_Work item_
Could you retype the lines below, starting at the line holding "LOT 230FB: Vintage" and stopping at the line holding "UGREEN 30757 –", inclusive? Copy them exactly and drop the images.

_Supplied material_
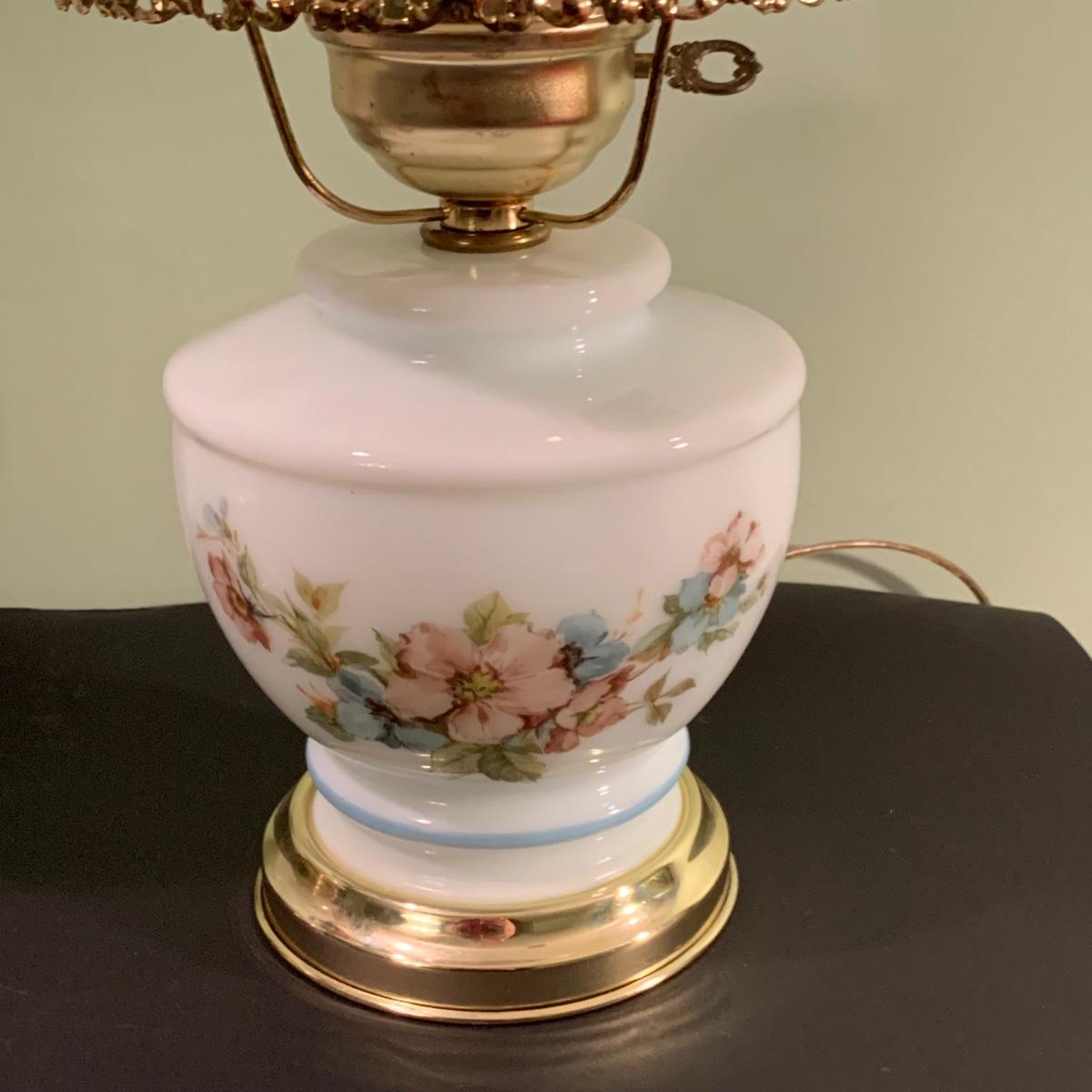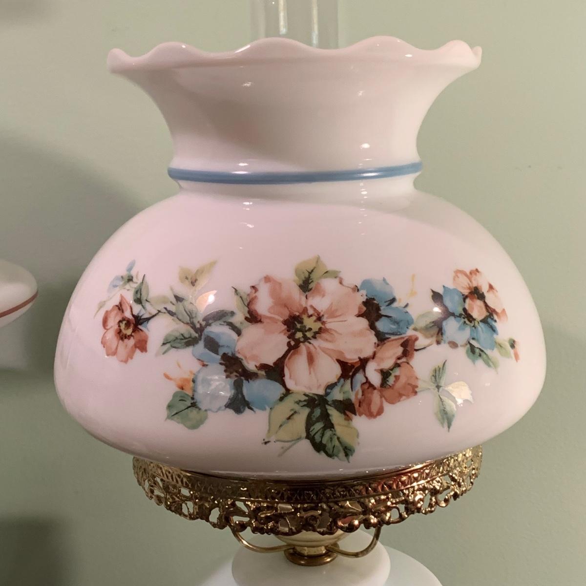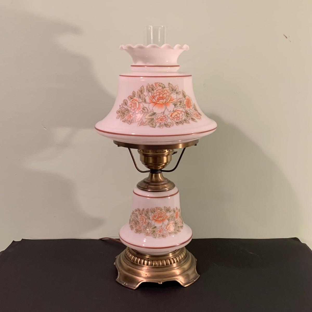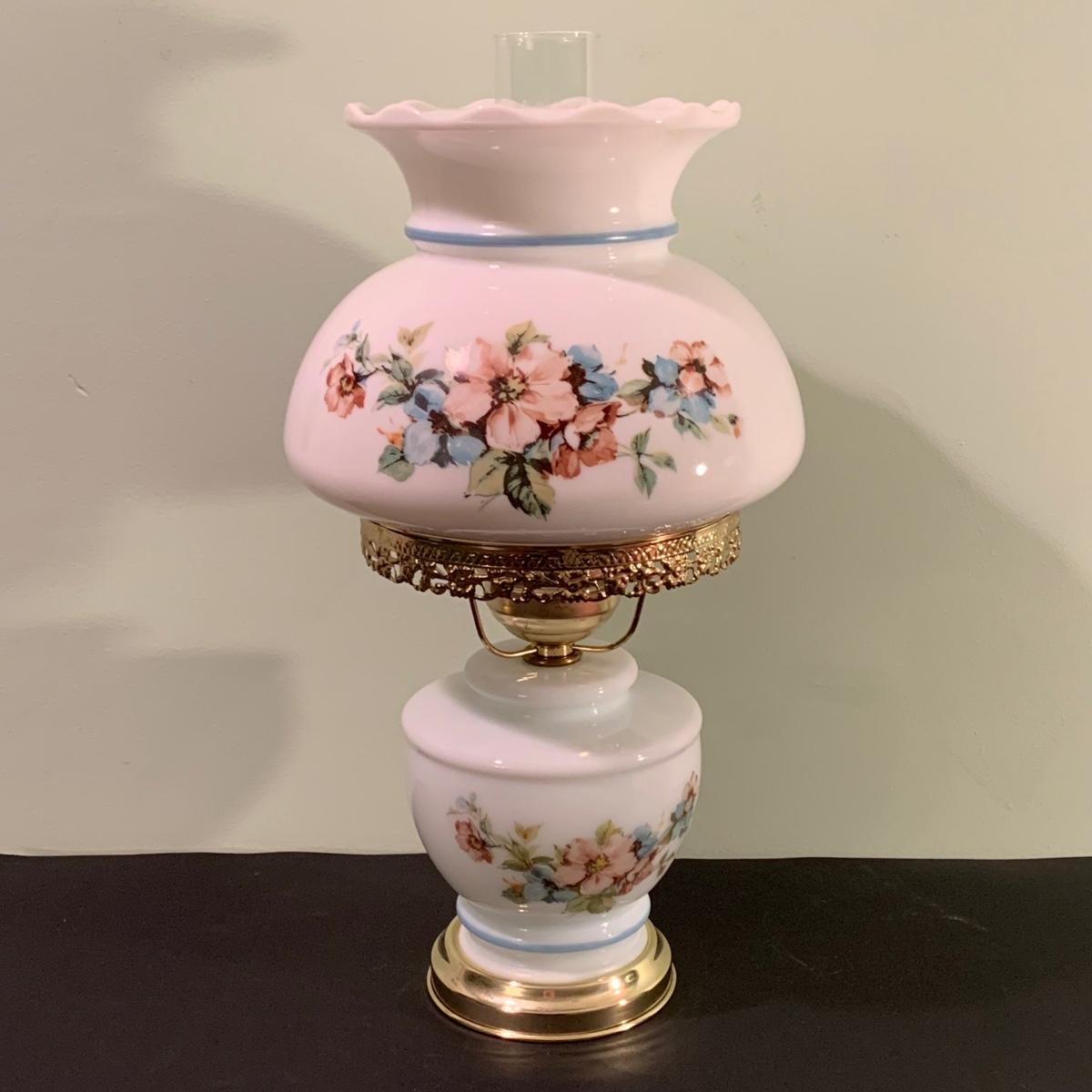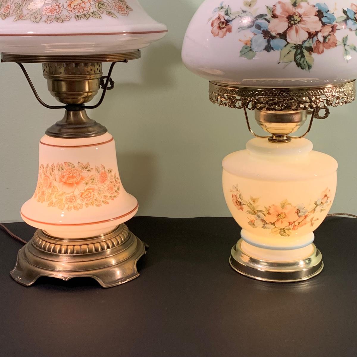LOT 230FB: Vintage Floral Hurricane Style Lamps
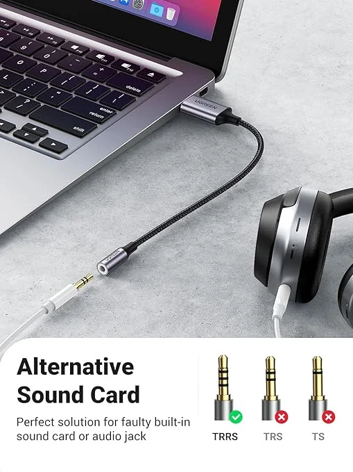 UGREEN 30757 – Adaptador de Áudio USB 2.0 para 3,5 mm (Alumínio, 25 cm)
==
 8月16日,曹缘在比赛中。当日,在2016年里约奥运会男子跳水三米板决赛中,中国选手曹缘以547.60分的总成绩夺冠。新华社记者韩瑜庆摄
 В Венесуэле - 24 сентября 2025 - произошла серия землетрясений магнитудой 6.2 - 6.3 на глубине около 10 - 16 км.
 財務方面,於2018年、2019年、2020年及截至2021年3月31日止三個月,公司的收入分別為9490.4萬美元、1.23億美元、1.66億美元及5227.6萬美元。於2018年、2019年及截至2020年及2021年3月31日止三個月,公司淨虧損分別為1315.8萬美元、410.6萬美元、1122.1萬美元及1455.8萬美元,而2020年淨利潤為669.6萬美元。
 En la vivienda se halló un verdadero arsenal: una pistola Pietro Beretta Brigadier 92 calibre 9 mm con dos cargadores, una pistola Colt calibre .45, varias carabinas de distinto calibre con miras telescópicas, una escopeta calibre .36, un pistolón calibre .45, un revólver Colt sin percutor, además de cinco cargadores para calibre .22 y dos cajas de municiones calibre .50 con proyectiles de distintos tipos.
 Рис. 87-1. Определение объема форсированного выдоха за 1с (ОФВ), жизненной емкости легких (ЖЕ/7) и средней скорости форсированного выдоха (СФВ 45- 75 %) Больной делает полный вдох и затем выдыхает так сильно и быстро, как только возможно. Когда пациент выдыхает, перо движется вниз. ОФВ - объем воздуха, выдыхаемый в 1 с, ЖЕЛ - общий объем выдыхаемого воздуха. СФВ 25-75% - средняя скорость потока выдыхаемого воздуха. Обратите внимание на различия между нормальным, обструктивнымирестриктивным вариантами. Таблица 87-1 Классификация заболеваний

_Task response_
LOT 230FB: Vintage Floral Hurricane Style Lamps
 UGREEN 30757 – Adaptador de Áudio USB 2.0 para 3,5 mm (Alumínio, 25 cm)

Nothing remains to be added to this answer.